Find the line below with "KBS 1 Radio, KBS" and the line with "Nestled on an". Output them and the lines between, exactly, but not the pictures.

Material supplied Block Start

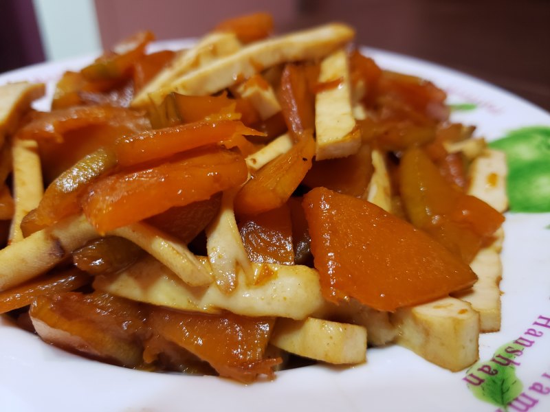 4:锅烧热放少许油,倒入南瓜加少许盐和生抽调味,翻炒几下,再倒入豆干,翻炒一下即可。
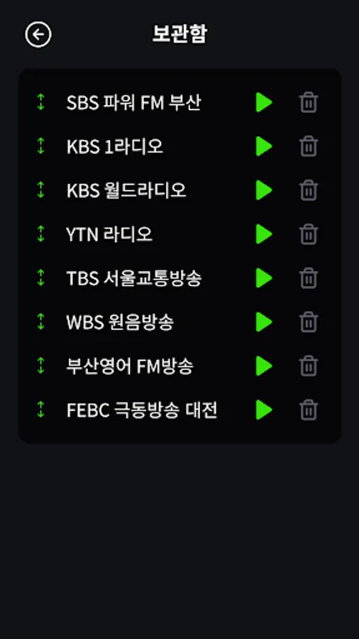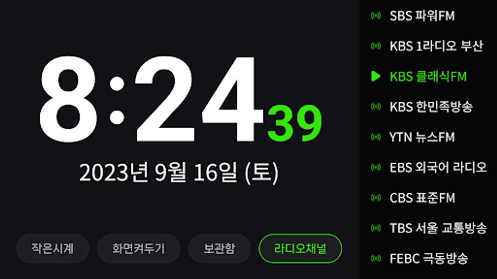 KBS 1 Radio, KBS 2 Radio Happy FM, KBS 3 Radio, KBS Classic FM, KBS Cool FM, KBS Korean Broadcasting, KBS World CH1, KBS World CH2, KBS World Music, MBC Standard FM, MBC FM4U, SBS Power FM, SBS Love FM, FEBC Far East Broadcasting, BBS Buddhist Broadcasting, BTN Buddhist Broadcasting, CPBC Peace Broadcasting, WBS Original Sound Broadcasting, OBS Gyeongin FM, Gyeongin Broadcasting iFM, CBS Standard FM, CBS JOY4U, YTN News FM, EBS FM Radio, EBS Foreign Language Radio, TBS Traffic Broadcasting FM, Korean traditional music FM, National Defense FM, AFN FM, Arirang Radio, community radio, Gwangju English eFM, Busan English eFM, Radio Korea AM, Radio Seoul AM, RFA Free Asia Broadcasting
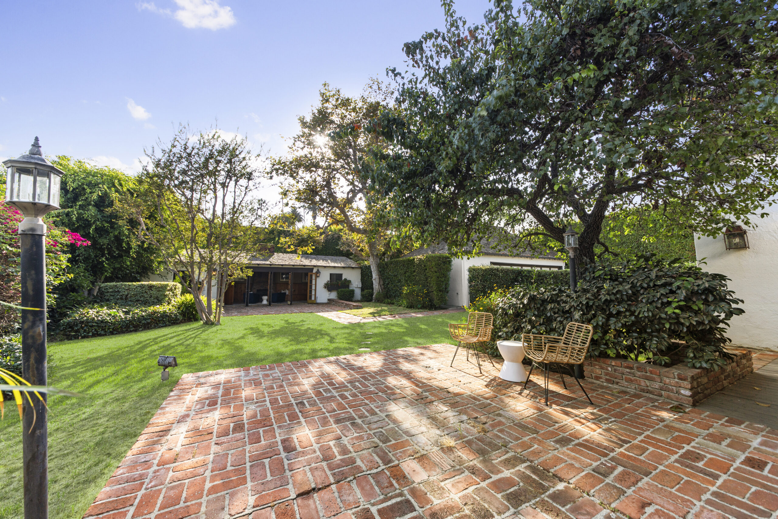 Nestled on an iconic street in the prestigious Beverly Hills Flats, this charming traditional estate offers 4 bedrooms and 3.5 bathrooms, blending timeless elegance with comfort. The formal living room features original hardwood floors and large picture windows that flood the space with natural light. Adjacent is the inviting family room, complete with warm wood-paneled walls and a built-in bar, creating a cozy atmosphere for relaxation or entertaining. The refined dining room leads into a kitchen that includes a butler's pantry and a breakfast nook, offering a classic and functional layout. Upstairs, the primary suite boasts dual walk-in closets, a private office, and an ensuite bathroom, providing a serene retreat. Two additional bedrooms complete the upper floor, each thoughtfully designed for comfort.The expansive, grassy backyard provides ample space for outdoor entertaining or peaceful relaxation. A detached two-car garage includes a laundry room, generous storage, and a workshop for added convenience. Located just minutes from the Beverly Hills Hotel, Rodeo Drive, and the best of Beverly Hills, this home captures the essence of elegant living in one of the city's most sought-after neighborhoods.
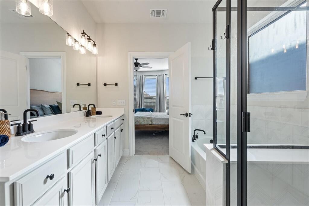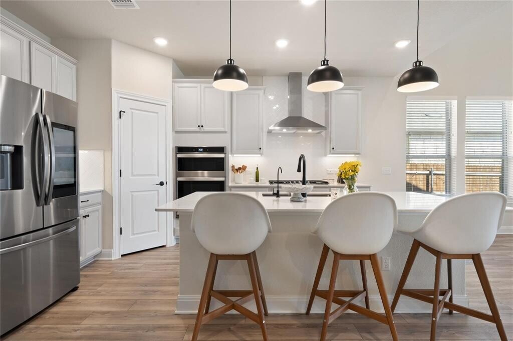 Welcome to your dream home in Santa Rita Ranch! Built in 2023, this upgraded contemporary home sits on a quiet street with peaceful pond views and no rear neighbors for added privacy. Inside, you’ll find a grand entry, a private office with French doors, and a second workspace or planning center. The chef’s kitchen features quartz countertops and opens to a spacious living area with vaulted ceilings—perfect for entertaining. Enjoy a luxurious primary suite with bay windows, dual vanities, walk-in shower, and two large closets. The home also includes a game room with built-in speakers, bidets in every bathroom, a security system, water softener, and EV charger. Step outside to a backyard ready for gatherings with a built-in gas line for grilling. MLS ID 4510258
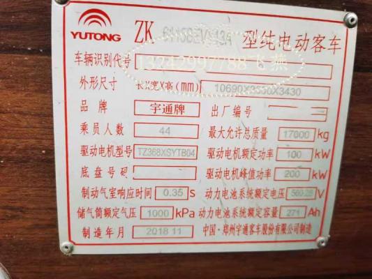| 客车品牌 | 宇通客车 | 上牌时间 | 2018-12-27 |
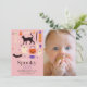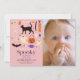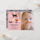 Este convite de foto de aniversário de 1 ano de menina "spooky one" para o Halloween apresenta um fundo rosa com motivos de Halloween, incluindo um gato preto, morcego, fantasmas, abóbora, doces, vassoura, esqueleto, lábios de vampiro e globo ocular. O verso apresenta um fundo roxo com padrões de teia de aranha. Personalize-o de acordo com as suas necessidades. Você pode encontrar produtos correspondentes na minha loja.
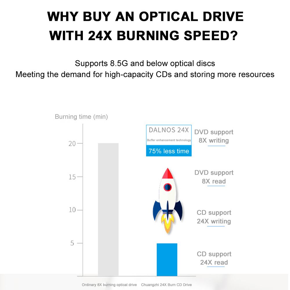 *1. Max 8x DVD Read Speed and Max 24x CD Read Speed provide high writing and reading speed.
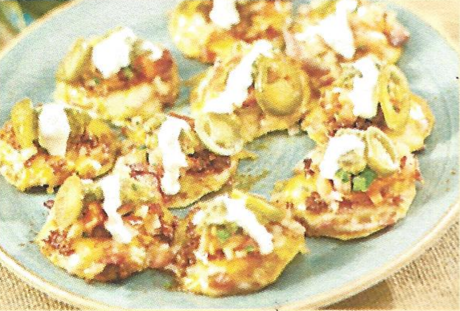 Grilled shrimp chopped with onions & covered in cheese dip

Material supplied Block End

Solution to this problem ::
 KBS 1 Radio, KBS 2 Radio Happy FM, KBS 3 Radio, KBS Classic FM, KBS Cool FM, KBS Korean Broadcasting, KBS World CH1, KBS World CH2, KBS World Music, MBC Standard FM, MBC FM4U, SBS Power FM, SBS Love FM, FEBC Far East Broadcasting, BBS Buddhist Broadcasting, BTN Buddhist Broadcasting, CPBC Peace Broadcasting, WBS Original Sound Broadcasting, OBS Gyeongin FM, Gyeongin Broadcasting iFM, CBS Standard FM, CBS JOY4U, YTN News FM, EBS FM Radio, EBS Foreign Language Radio, TBS Traffic Broadcasting FM, Korean traditional music FM, National Defense FM, AFN FM, Arirang Radio, community radio, Gwangju English eFM, Busan English eFM, Radio Korea AM, Radio Seoul AM, RFA Free Asia Broadcasting
 Nestled on an iconic street in the prestigious Beverly Hills Flats, this charming traditional estate offers 4 bedrooms and 3.5 bathrooms, blending timeless elegance with comfort. The formal living room features original hardwood floors and large picture windows that flood the space with natural light. Adjacent is the inviting family room, complete with warm wood-paneled walls and a built-in bar, creating a cozy atmosphere for relaxation or entertaining. The refined dining room leads into a kitchen that includes a butler's pantry and a breakfast nook, offering a classic and functional layout. Upstairs, the primary suite boasts dual walk-in closets, a private office, and an ensuite bathroom, providing a serene retreat. Two additional bedrooms complete the upper floor, each thoughtfully designed for comfort.The expansive, grassy backyard provides ample space for outdoor entertaining or peaceful relaxation. A detached two-car garage includes a laundry room, generous storage, and a workshop for added convenience. Located just minutes from the Beverly Hills Hotel, Rodeo Drive, and the best of Beverly Hills, this home captures the essence of elegant living in one of the city's most sought-after neighborhoods.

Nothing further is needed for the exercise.